We have a NMI handler in place to handle flash corruption(double word errors). In the handler we write double word zeros in the corrupted flash address(which we get it from FLASH_ECCR register)
we should have kept some if conditions to block nmi handler to write in code area. But my question is how it is possible that a code area is getting corrupted?
Even though we make battery operated device which can be charged by usb. The device is failing in a station where the battery is already assembled long back with good battery voltage and also the there are no writes(no flashing happening, no device firmware update is happening) happening onto the code area when this issue is reported.
Any insights on why this is the case ? We almost ran out of all the ideas
our NMI handler
void NMI_Handler(void)
{
/* USER CODE BEGIN NonMaskableInt_IRQn 0 */
if(__HAL_FLASH_GET_FLAG(FLASH_FLAG_ECCD1) || __HAL_FLASH_GET_FLAG(FLASH_FLAG_ECCD2))
{
uint32_t badAddress = 0x08069000;
/* Check if NMI is due to flash ECCD (error detection) */
if(__HAL_FLASH_GET_FLAG(FLASH_FLAG_ECCD1))
{
/* calculate the bad address, ADDR_ECC contains the value of double word offset */
if (READ_BIT(FLASH->OPTR, OB_USER_DUALBANK_SWAP_DISABLE) != 0)
{
badAddress = FLASH_BASE_1 + ((FLASH->ECCR & FLASH_ECCR_ADDR_ECC) * 8);
}
else
{
badAddress = FLASH_BASE_2 + ((FLASH->ECCR & FLASH_ECCR_ADDR_ECC) * 8);
}
/* Clearing the flag anyway. If deletion failed it will be set again*/
__HAL_FLASH_CLEAR_FLAG(FLASH_FLAG_ECCD1);
}
else
{
/* calculate the bad address, ADDR_ECC contains the value of double word offset */
if (READ_BIT(FLASH->OPTR, OB_USER_DUALBANK_SWAP_DISABLE) != 0)
{
badAddress = FLASH_BASE_2 + ((FLASH->ECC2R & FLASH_ECC2R_ADDR_ECC) * 8);
}
else
{
badAddress = FLASH_BASE_1 + ((FLASH->ECC2R & FLASH_ECC2R_ADDR_ECC) * 8);
}
/* Clearing the flag anyway. If deletion failed it will be set again*/
__HAL_FLASH_CLEAR_FLAG(FLASH_FLAG_ECCD2);
}
/* Delete the corrupted flash address */
if (eraseCorruptedFlashAddress((uint32_t)badAddress) == HAL_OK)
{
/* Resume execution if deletion succeeds */
return;
}
/* If we do not succeed to delete the corrupted flash address */
/* This might be because we try to write 0 at a line already considered at 0 which is a forbidden operation */
/* This problem triggers PROGERR, PGAERR and PGSERR flags */
else
{
/* We check if the flags concerned have been triggered */
if((__HAL_FLASH_GET_FLAG(FLASH_FLAG_PROGERR)) && (__HAL_FLASH_GET_FLAG(FLASH_FLAG_PGAERR))

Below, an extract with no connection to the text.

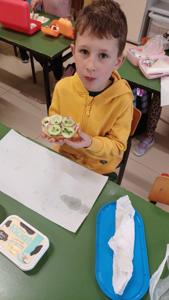 Dzieci z klas pierwszych poznawały literę "j" i wykonywały kanapki z wykorzystaniem różnorodnych produktów, w tym ugotowanych na twardo jajek.Na zakończenie pracy posprzątały stanowiska i z radością spożyły przygotowane przez siebie "kolorowe dzieła". Zapraszamy do galerii zdjęć.
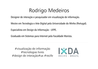 Rodrigo Medeiros, a designer and researcher in information visualization, discusses the importance of data representation in making sense of real-world information. He highlights various applications and projects that utilize data visualization to tell stories and raise awareness, particularly in public information contexts. The document also touches on the potential for developing data visualization initiatives in Recife, Brazil.

&& (__HAL_FLASH_GET_FLAG(FLASH_FLAG_PGSERR)))
{
/* If yes, we clear them */
__HAL_FLASH_CLEAR_FLAG(FLASH_FLAG_PROGERR);
__HAL_FLASH_CLEAR_FLAG(FLASH_FLAG_PGAERR);
__HAL_FLASH_CLEAR_FLAG(FLASH_FLAG_PGSERR);
/* And we exit from NMI without doing anything */
/* We do not invalidate that line because it is not programmable at 0 till the next page erase */
/* The only consequence is that this line will trigger a new NMI later */
return;
}
}
}
/* Go to infinite loop/reboot when NMI occurs in case:
- ECCD is raised in eeprom emulation flash pages but corrupted flash address deletion fails (except PROGERR, PGAERR and PGSERR)
- no ECCD is raised */
/* reboot the MCU */
HAL_NVIC_SystemReset();
/* USER CODE END NonMaskableInt_IRQn 0 */
/* USER CODE BEGIN NonMaskableInt_IRQn 1 */
while (1)
{
}
/* USER CODE END NonMaskableInt_IRQn 1 */
}
static int eraseCorruptedFlashAddress(uint32_t address)
{
uint64_t data = 0U; // The erased value
HAL_StatusTypeDef status;
HAL_FLASH_Unlock();
status = HAL_FLASH_Program(FLASH_TYPEPROGRAM_DOUBLEWORD, address, data);
HAL_FLASH_Lock();
return status;
}